Anthony Wickett was alone. He was scanning a newspaper whose damp ink was redolent in the room. He put down the paper when Clane shut the door hard. Then he stood up expectantly.
He was taller and thinner than Clane remembered from his last glimpse of the man. But on second look Clane noticed that the thinness was deceptive. Wickett had broad shoulders and long arms. His hands were big for a man with such delicate features. His eyes were nicely set and a rich brown. His nose was straight and fairly long and there was a neatly etched black line of moustache above his well molded lips. From the first scrutiny Clane knew that here was a suave ladies’ man, but one with brains to back himself up.
The furniture in the room was in bleached maple, giving Clane the sensation of being in a bedroom. The rug on the floor was a soft, pale blue, thick and springy beneath his feet. All of the chairs were well upholstered and comfortable-looking. Clane raised his eyebrows at a long low divan along one wall, done in blue to complement the rug. He looked briefly at the handsome oils on the walls and wondered if Wickett’s prim secretary was ever shocked at being in the same room with them.
Clane finished his survey of the room and nodded to Wickett. The publisher was rubbing his knuckles reflectively. Clane said, “I didn’t come here to finish that, Wickett. You pack a punch for a man of your build.”
“Get to the point,” Wickett said.
“Don’t be such a peremptory bastard,” Clane told him. “I’m news right now.” He sat down in a soft but not too deep chair. He took a cigarette from a box on the desk. “Sit down,” he suggested.
Wickett’s smile was thin but it was there. He sat down and watched Clane carefully. The telephone buzzed and he reached for it. He listened a moment and then he said, “No, don’t bother. He’s all right. No, of course there is no trouble.” His voice had a slight edge to it.
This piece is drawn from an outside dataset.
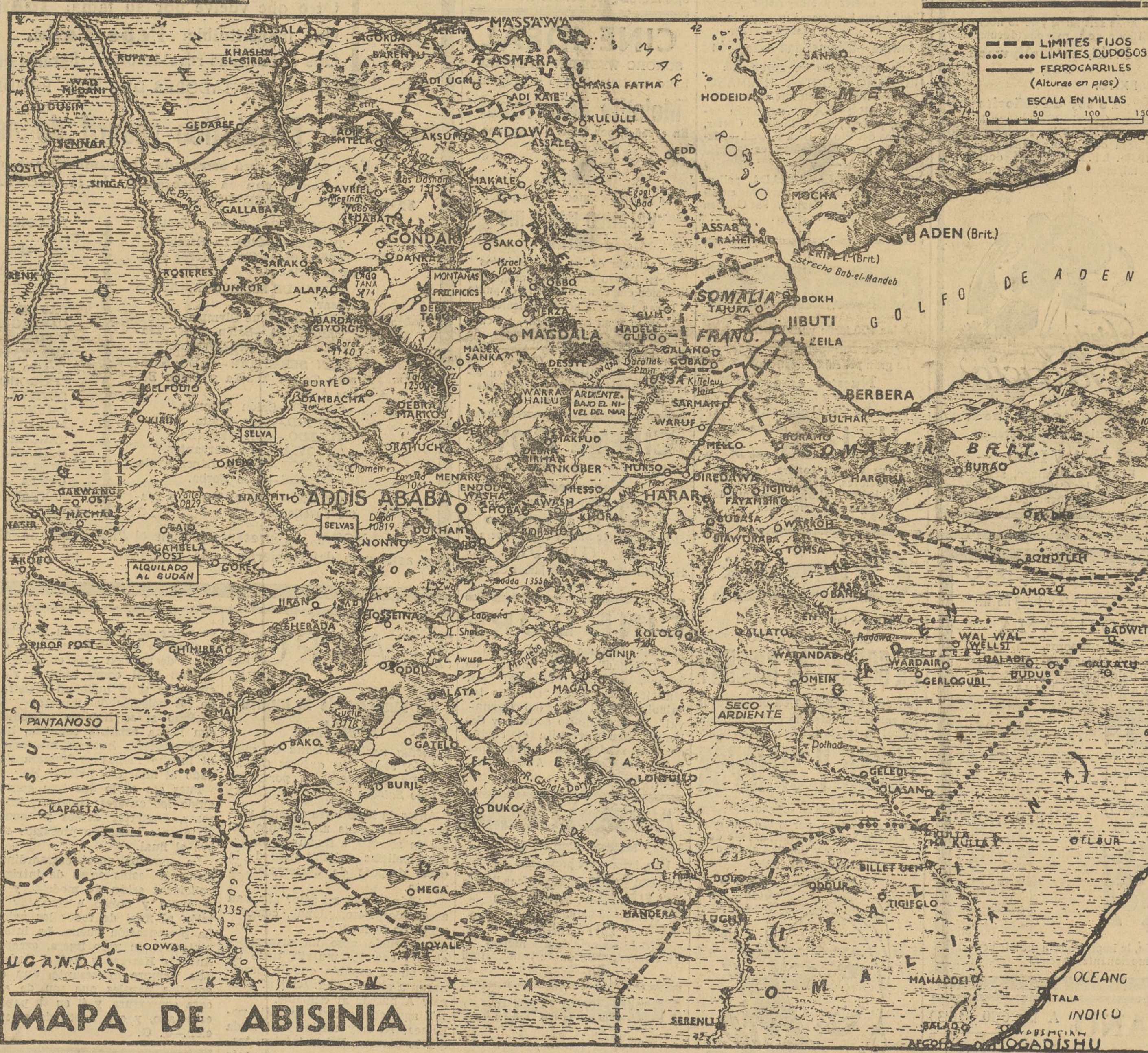
MAPA DE ABISINIA

Queda justificada, ante tan abominable proceder, una nueva invasión de los bárbaros que avente hasta las cenizas de una civilización tan criminal y que haga caer la sangre inocente derramada sobre la cabeza de los culpables y de sus descendientes hasta la quinta generación, y aún nos parece poco.
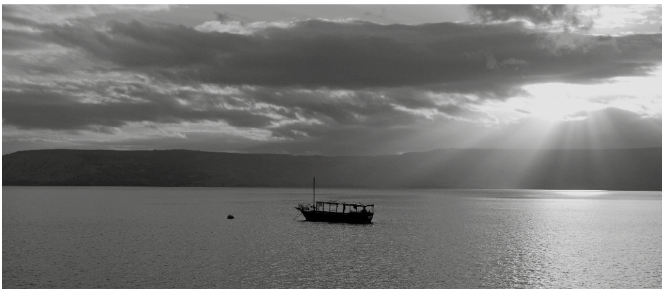
'Gij Galilese mannen...'

Hij zal alzo komen. Dat is, zegt de kanttekening, in zulker wijze, zicht-

Clane said, “Tell her that Thorne would spring me right away if she did call the cops.”
Wickett cradled the phone. “And you want what?”
“A job,” Clane said. He felt good. Things were looking up. He knew the type of people he was dealing with. So far his initial play had been very successful. He leaned back and blew a cloud of smoke. “I’m a handy man to have around, Wickett.”
“A newspaper job?” Wickett retained his composure.
“No,” Clane said. “Publicly I’m out to crucify your editorial opinions. And I don’t work office hours. I want a private job.”
Wickett reached to the back of his desk and flipped open the lid of a carved wooden cigarette box. He selected a cigarette, making a ritual of it, and lit it carefully. “You want a private job from the man who knocked you down?” The idea put amusement in his voice.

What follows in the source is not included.